Heng Yu waited, tensing himself against the expected explosion, but it did not come.

He looked up at her, surprised to find her smiling. "Mistress?"

"You are a clever man, Master Heng."

"Clever, Mistress?"

"Yes. I was very angry with you at first. I wanted you . . . executed. But my husband," she looked round, gazing fondly at Li Yuan. "My dear, sweet husband persuaded me that I was wrong about you."

"Ah . .." Heng Yu looked to his Master for enlightenment, but Li Yuan was still reading, as if disinterested in events.

"He said you were the most loyal of his servants. He said. . ." Her laughter was soft, almost kind for once. "He said that you had to have a plan of some kind. To entrap the woman. To weave her into some kind of plot by our enemies, perhaps. To incriminate her."

"Mistress?" Heng Yu stared at her a moment, then understood. It had arrived. The moment he had been waiting for for years - first as Pei K'ung's willing "dog" and now as this child's. Now he must choose. To serve her or disobey. There was no third alternative.

He glanced at Li Yuan again. His Master was watching him now, intrigued to see what he would do.

Heng swallowed and looked down, bowing to his Mistress. "My Master, as ever, understands me perfectly."

Her smile was triumphant. "Good. Then all is well, neh? My husband and I can rest safe at nights, knowing that the Empire is in safe hands."

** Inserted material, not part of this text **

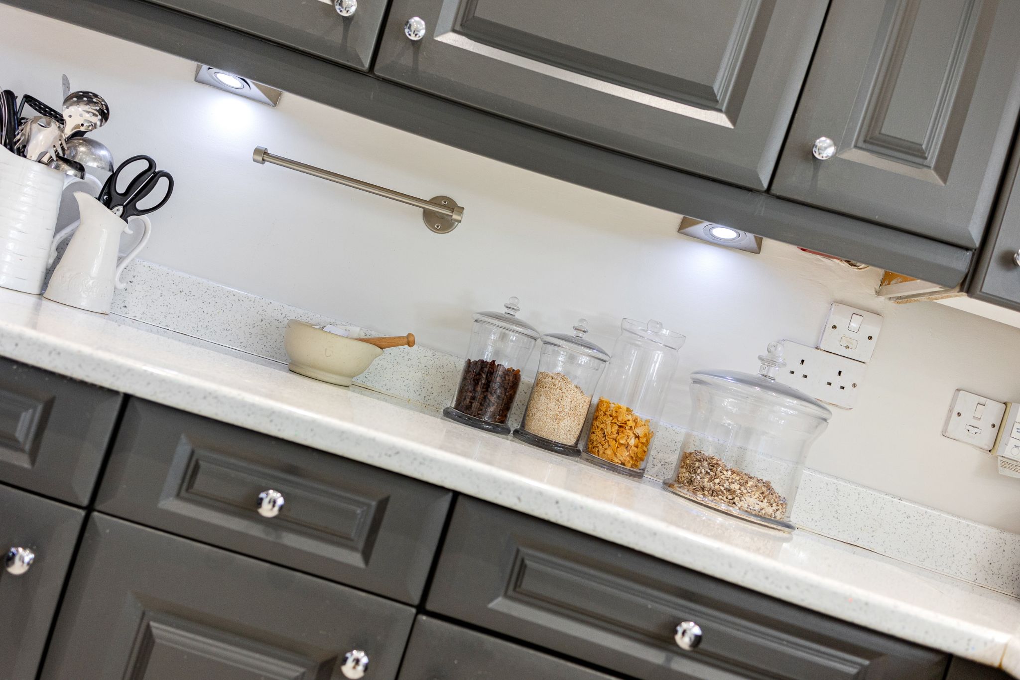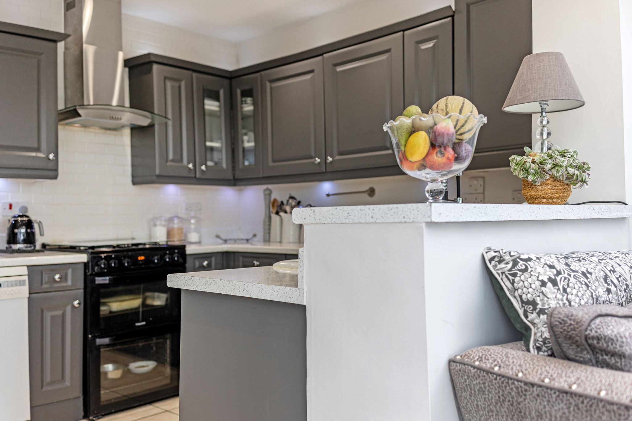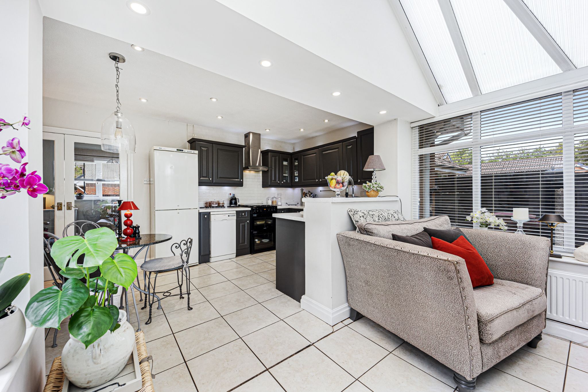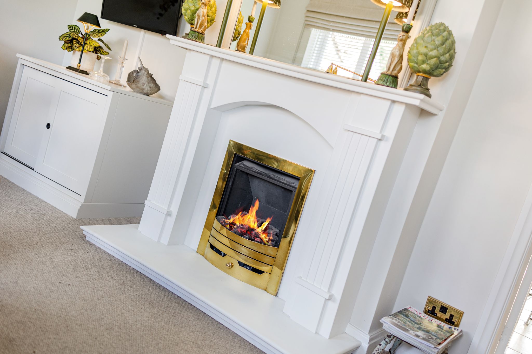 After parking up on the driveway, step through the composite front door into the entrance hallway. Fitted storage to the right offers plenty of space to neatly store coats and shoes, keeping the home neat and tidy. To the left is the welcoming lounge, a bright and calm room with a feature gas fireplace to add a cosy focal point. Continue through the glazed double doors into the kitchen-diner at the rear of the home. Grey base and wall units offer plenty of storage, and there's plumbing provisions for a cooker beneath the extractor hood, as well as space for your fridge-freezer, dishwasher and washing machine. An open archway leads through to the conservatory, where there's ample space for your dining table and furniture to allow you to enjoy watching the birds in the garden and the lovely views beyond.

If there was any irony in her voice Heng could not detect it, but then, she was a sly one. Almost as sly as his Master, and certainly his match nine days out of ten. "Is there anything else, Mistress?" "No, Master Heng, I..."

She stopped, looking past him. Someone had entered the study and was crossing the huge expanse of carpet. From the waft of perfume that preceded the figure, Heng could tell without looking who it was. Cheng Nai shan. As the Empress's First Advisor swept past him, the swish of expensive silk as much a trademark of the man as his cologne, Heng noted that Ming Ai's old ally had three of Li Yuan's generals with him. Something was up.

Head still bowed, Heng Yu watched his rival go round the desk and unceremoniously lean in to Li Yuan and whisper in the Tang's ear, one hand cupped about it so no one else could overhear. After a moment Li Yuan nodded, then looked to the generals, nodding to each in turn.

What now? Heng wondered, staring suspiciously back at Cheng, who was smiling broadly now.

As the generals backed out of the room, Heng Yu looked to his master, then, steeling himself, took his opportunity to make his request.

"Master?"

Li Yuan looked back at him languidly. "Yes, Master Heng?"

"I wish to ask permission to attend the ceremony in two days time."

"Ceremony?"

"At Marshal Tolonen's grave-tablet in Bremen."

Li Yuan stared back at him. "Ceremony? There's to be a ceremony?"

"Yes, Master. I... I felt as a mark of my respect. . ."

"Permission is refused," Dragon Heart interrupted. "You will be in Mashhad that day."